Robotización de la docencia
Las universidades que padecen la ansiedad de la acreditación –y que, incluso, han creado estructuras burocráticas para tal fin– idolatran al syllabus. En otras, en cambio, basta un programa indicativo del curso.
Vivimos en la época de la técnica. Ello implica muchísimo más que estar rodeado de dispositivos tecnológicos, ya sean estos tangibles o invisibles. Vivir en ella significa, en última instancia, que concebimos a la sociedad, a la vida misma y a la mente humana, como si fueran artefactos mecánicos que se rigen por una racionalidad predecible y calculable. Tanto es así que los tecnócratas suelen imaginar a los seres humanos como mecanismos estandarizados que responden mecánicamente a ciertos estímulos, que procesan insumos en determinadas unidades de tiempo y que producen ciertos resultados de acuerdo a lo planificado.
Obviamente que hay diferentes énfasis en el enfoque tecnocrático. Pero estos no alteran su esencia: el control, el cálculo, la predictibilidad y la negación de la libertad o, si se prefiere, la expulsión de la espontaneidad y de lo indeterminado. Los diferentes énfasis existentes al interior de dicho enfoque dan pie al siguiente dilema: si el hombre se debe asimilar cada vez más a las máquinas o si es pertinente humanizar a las máquinas. Sea como fuere, el centro de gravedad del dilema es la máquina, no el ser humano.
En la actualidad resulta difícil encontrar aspectos del quehacer humano que no hayan sido sometidos al imperio de la racionalidad técnica. En algunos no resulta invasivo ni contraproducente, como, por ejemplo, en el de la economía. En otros, en cambio, es invasivo y, además de contraproducente, es dañino, como, por ejemplo, en la educación, especialmente en el área de las humanidades.
En el enfoque tecnocrático el incremento de la velocidad es clave, porque la máquina se hizo para ganarle tiempo al tiempo y para aumentar la producción de manera exprés y estandarizada. La aplicación de tal racionalidad a la educación superior es letal, aunque varía de una institución a otra. Mientras menos tradición tenga una universidad, más brutal es la aplicación de dicho enfoque.
Tales universidades conciben al académico como una unidad mecánica de producción (de actividades docentes y de manufactura de papers a contrarreloj) y a los estudiantes como entidades que deben ser troqueladas de acuerdo a un perfil de egreso a la brevedad posible.

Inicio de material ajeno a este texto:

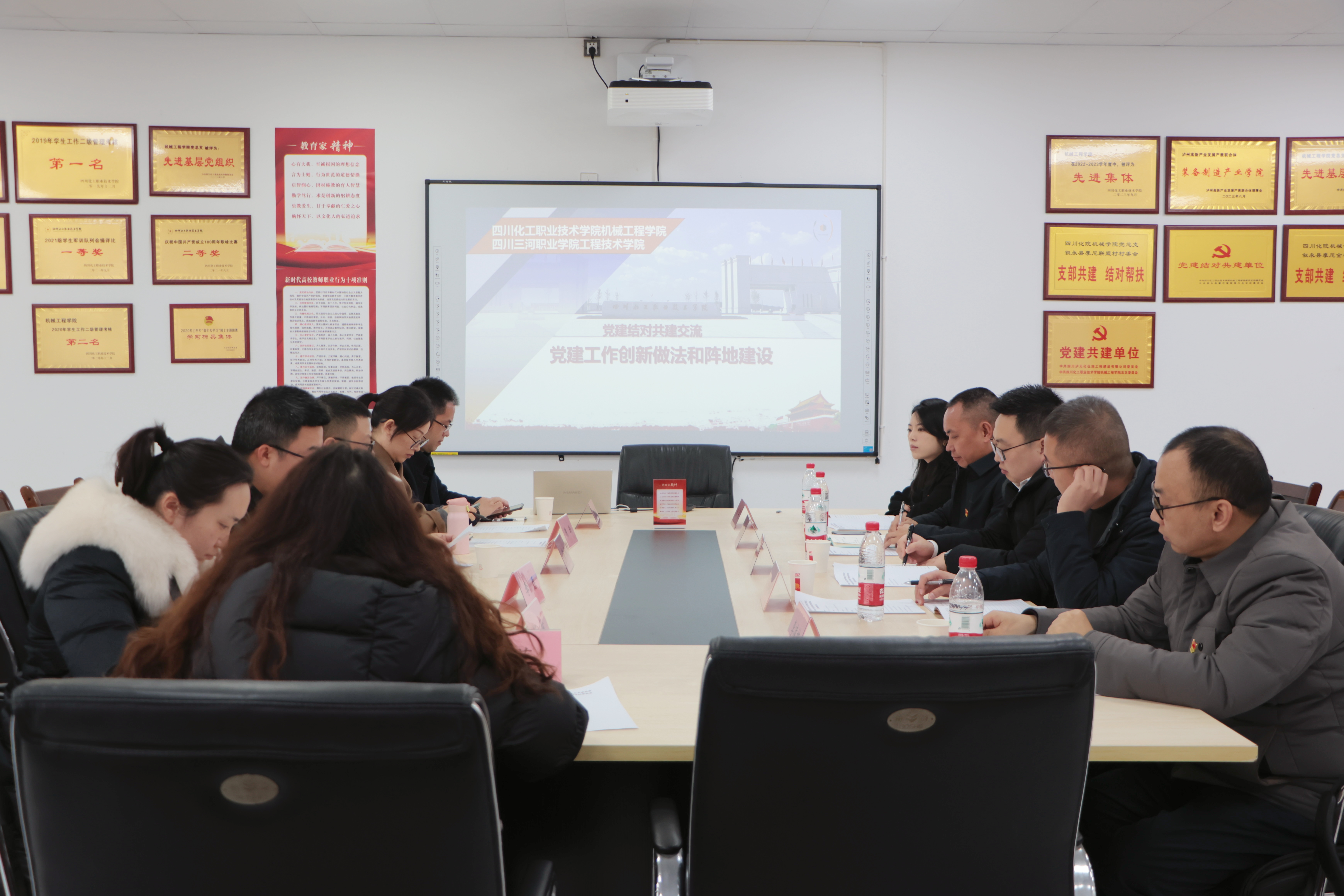 四川三河职业技术工程技术学院党总支书记周德湘、学院院长钱康亮、学生党支部书记兼学办主任孙鹏程、机械教研室主任李凌林、专职组织员龙芳与智能制造学院党总支书记银强、机械工程学院副院长陈玲、学生工作负责人彭成瑶、教学科长李磊、教师党支部书记漆翔、学生党支部书记邬玲、专职组织员谢萍在综合办公楼113室就党建工作创新做法和阵地建设、专业建设方面、毕业生实习就业等工作情况进行了交流。
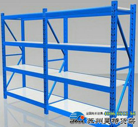 (2)南方貨架,下圖就是南方貨架的代表,江浙滬的普遍生產(chǎn)的貨架就是南方貨架的代表,南方貨架一般采用的結(jié)構(gòu)都是可以拆卸的,所有的立柱片都是用螺絲固定的,拆卸較為方便。南方貨架,貨架的材料一般使用帶鋼,這樣剛才通過滾扎成型,表面酸洗,磷化,噴粉,烘烤,晾干程序做出來的貨架堅(jiān)固耐用,蘇州貨架是典型的代表,因此,南方貨架價(jià)格要高一些。
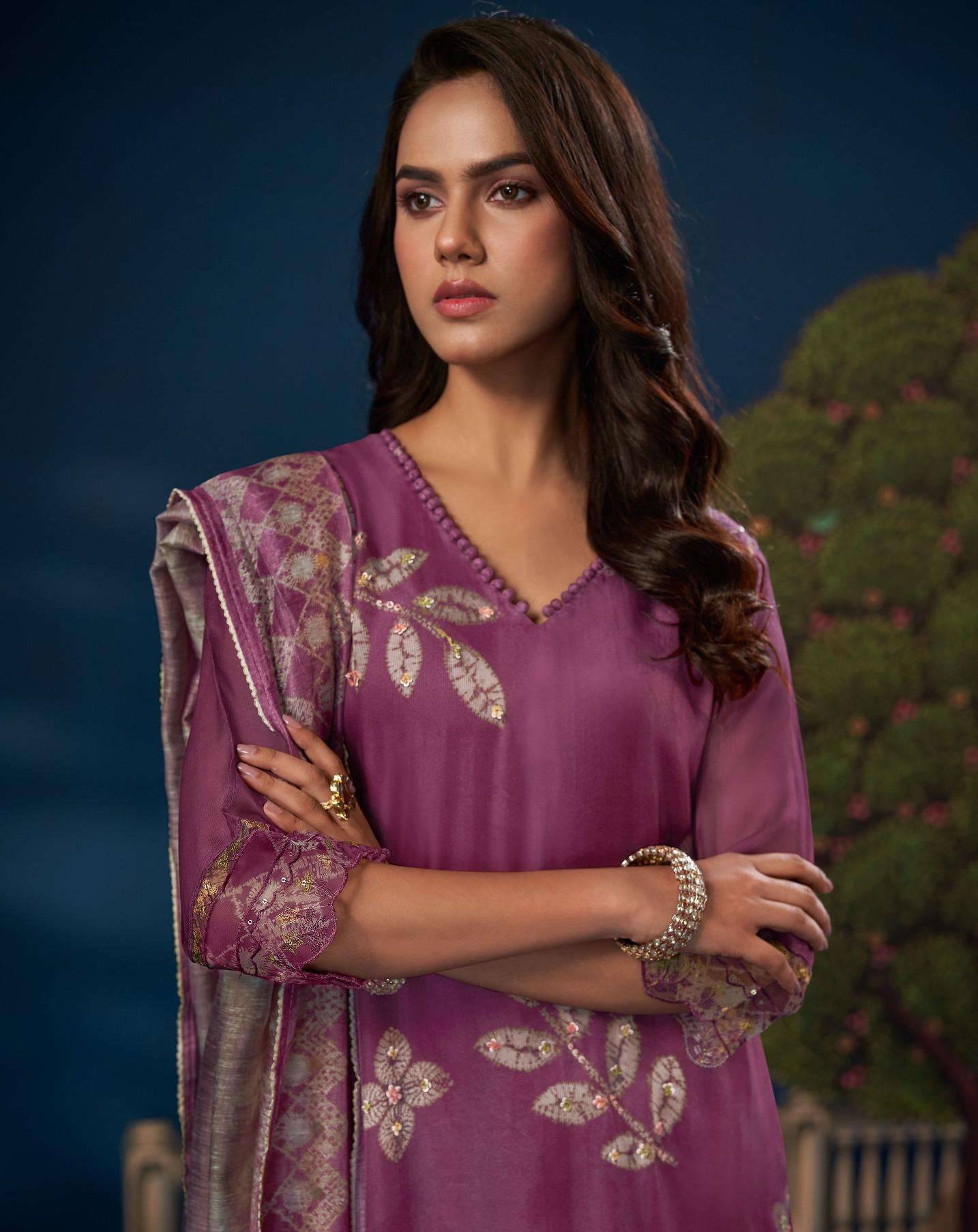 | Top: | pure burberry silk digital print with placement hand work and embroidery on daman and sleeves |
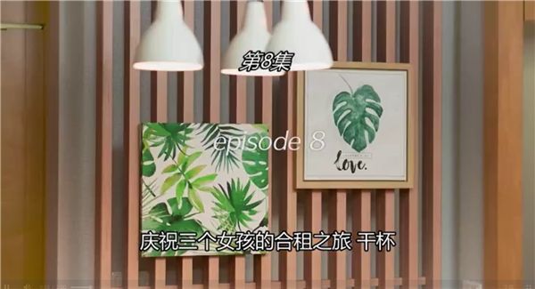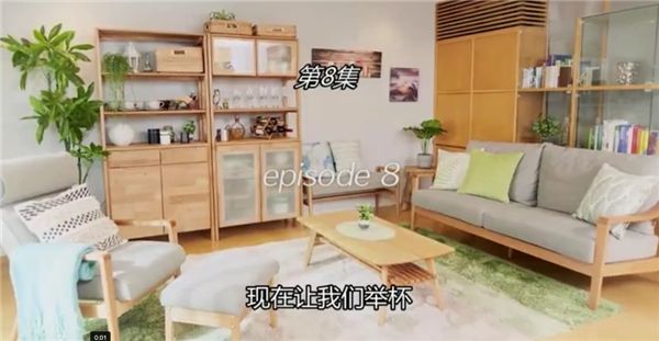 而小编的关注点在于:不愧是富二代的大房子!空间宽阔又分割得当,功能区划井井有条,整体家装风格清新自然且协调,简直是活生生的日式生活美学样板房。说到日式生活美学,很多人会想到极简主义的“断舍离”,或是令人赞叹的收纳巧思,又或是配合季节变换的饮食甚至衣着搭配。然而,在《48天》里我们还看到了一种追求整体协调的家装搭配风格,一种物尽其用又不为物所支配的态度。剧中家装色调以灰、白为主,间以自然植物元素,显得清新又整洁。比如下图中的餐桌与沙发都是结构坚固、造型简洁、细节体贴柔和的设计,采用原木色材质配以灰白主调的麻质坐垫和低饱和度的灰绿色抱枕。与沙发同风格的靠背休闲椅和脚凳也采用同款灰色坐垫,搭配在一起不显突兀,又很好地分割了客厅空间。同类风格的灰绿色地毯、壁画与房间内点缀的植物盆栽遥相呼应,令人感觉清新舒爽。
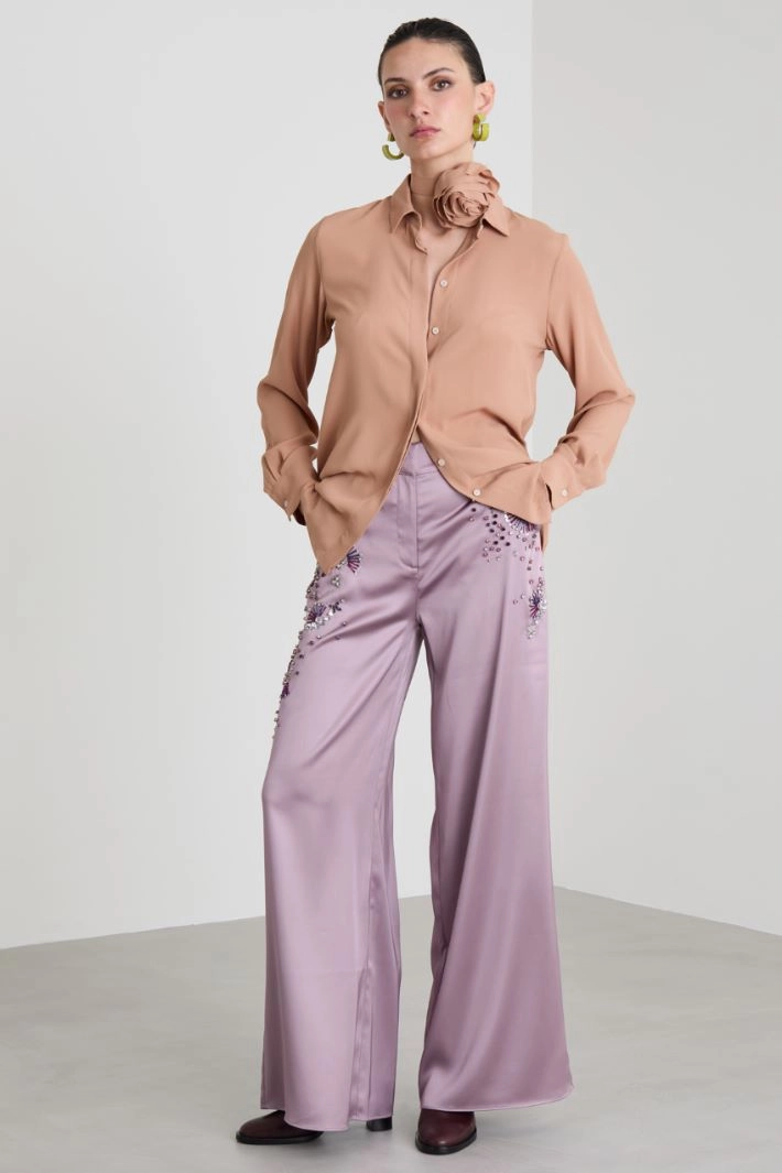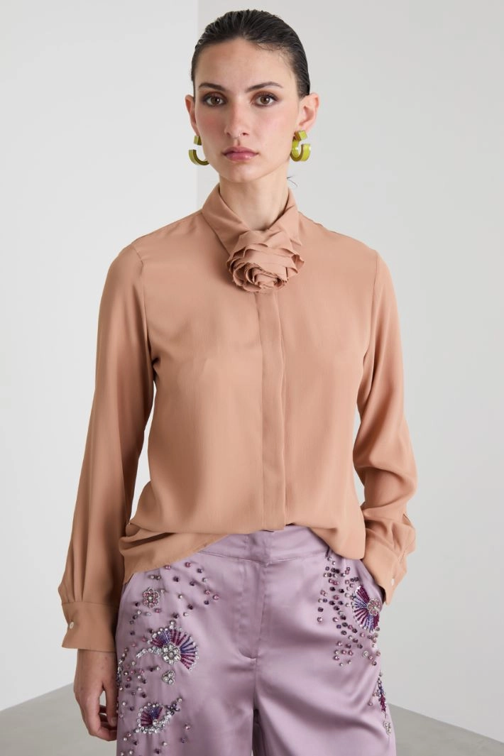 Straight-cut shirt in silk blend crepe, with flower detail, classic collar, long sleeves with buttoned cuff. Concealed button fastening.

En el día a día, el enfoque tecnocrático se hace operativo en la confección y ejecución de los syllabus de las asignaturas. En él se consigna el itinerario del curso. Este consiste en una planificación rigurosa en la cual se consigna qué contenidos se abordarán en cada una de las sesiones como, asimismo, los insumos que se utilizarán, los resultados que deben arrojar y la manera en que serán evaluados. La lógica mecanicista del syllabus no admite deslices. Formalmente es impecable. El problema radica en que su diseño y aplicación parte de un supuesto implícito erróneo, porque ni el docente ni los estudiantes son entidades mecánicas.
Las universidades que padecen la ansiedad de la acreditación –y que, incluso, han creado estructuras burocráticas para tal fin– idolatran al syllabus. En otras, en cambio, basta un programa indicativo del curso. Estas últimas respetan la libertad de cátedra. La cual, dicho sea de paso, no es para todos los docentes. Es solo para los catedráticos. O sea, para los académicos que tienen la categoría de profesor titular.
Desde el punto de vista del racionalismo esquemático el syllabus es un constructo inobjetable. Probablemente también lo es, si se emplea para trasvasijar información. Pero no lo es para generar un aprendizaje reflexivo y con dejos de originalidad en el área de las humanidades. Por cierto, las ciencias del espíritu no se avienen con su envarada rigidez.